Overexpression of partial ZNF154 construct affects HNSCC tumor cell phenotypes

In spite of the fact that the HNSCC cell line produced truncated ZNF154 and ZNF132 proteins, we wanted to examine what effects these partial proteins might have on tumor cell phenotype. We also wanted to test any effects of the full-length ZNF proteins on HEK-293 growth. In the case of HEK-293 cells, we measured growth of cells overexpressing either the ZNF154 or ZNF132 protein and compared each to cells containing the empty vector construct.
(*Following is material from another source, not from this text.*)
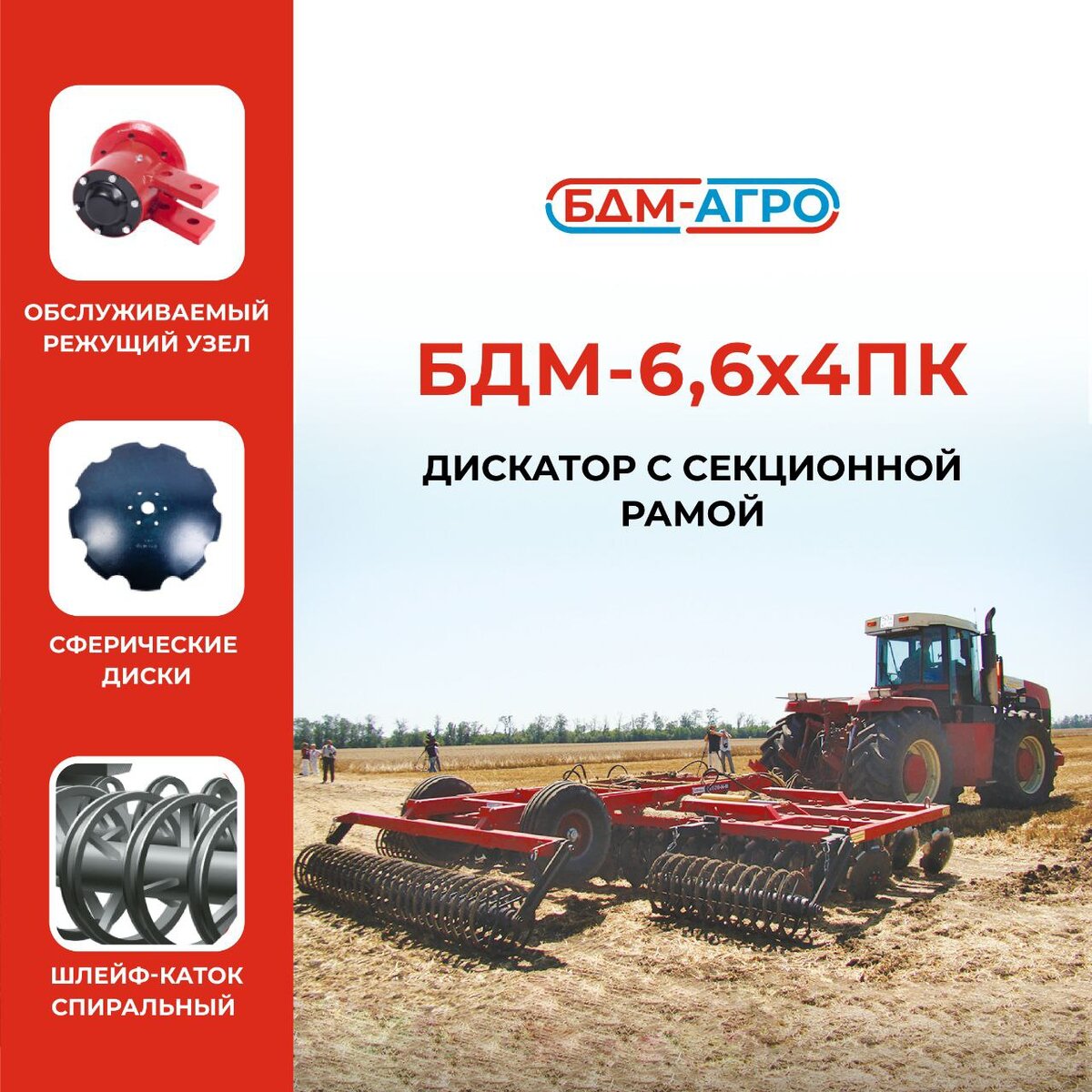 Секционная рама, легкая транспортировка в уже сагрегатированном состоянии, высокое качество всех узлов, соответствующее современным стандартам – дискатор БДМ-6,6*4ПК – это тот самый уровень почвообработки, который бы вы хотели.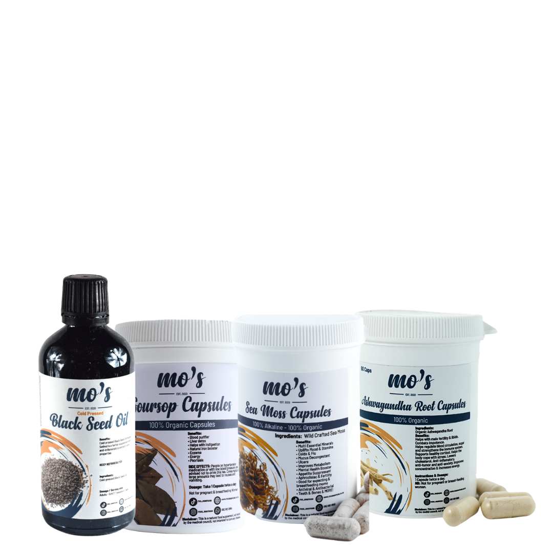 Mo's Seamoss Colon Cleanser, Black Seed Oil, Soursop Leaves Capsules, Seamoss Capsules, and Ashwagandha Capsules are carefully prepared for quality and purity. These natural, plant-based supplements support overall wellness, digestion, and daily health routines

In both cases, overexpression of either the ZNF154 protein or ZNF132 protein resulted in a slight increase in doubling time (23.5 and 23.8 h, respectively) when compared to the empty vector control (19.9 h) (Fig. 4A). For comparison, we also measured growth of UM-SCC-1 cells expressing the truncated ZNF154 and ZNF132 proteins (Fig. 4B). In this case, expression of the truncated ZNF154 construct resulted in a significant increase in UM-SCC-1 doubling time (40.4 h) when compared to the empty vector control (33.4 h). This reduction was not observed for cells overexpressing the ZNF132 partial construct (33.1 h). From these results, we concluded that even when expressed as a partial sequence, ZNF154 peptide reduced doubling time for UM-SCC-1 cancer cells while neither full length ZNF protein had significant effect on growth of HEK-293 cells.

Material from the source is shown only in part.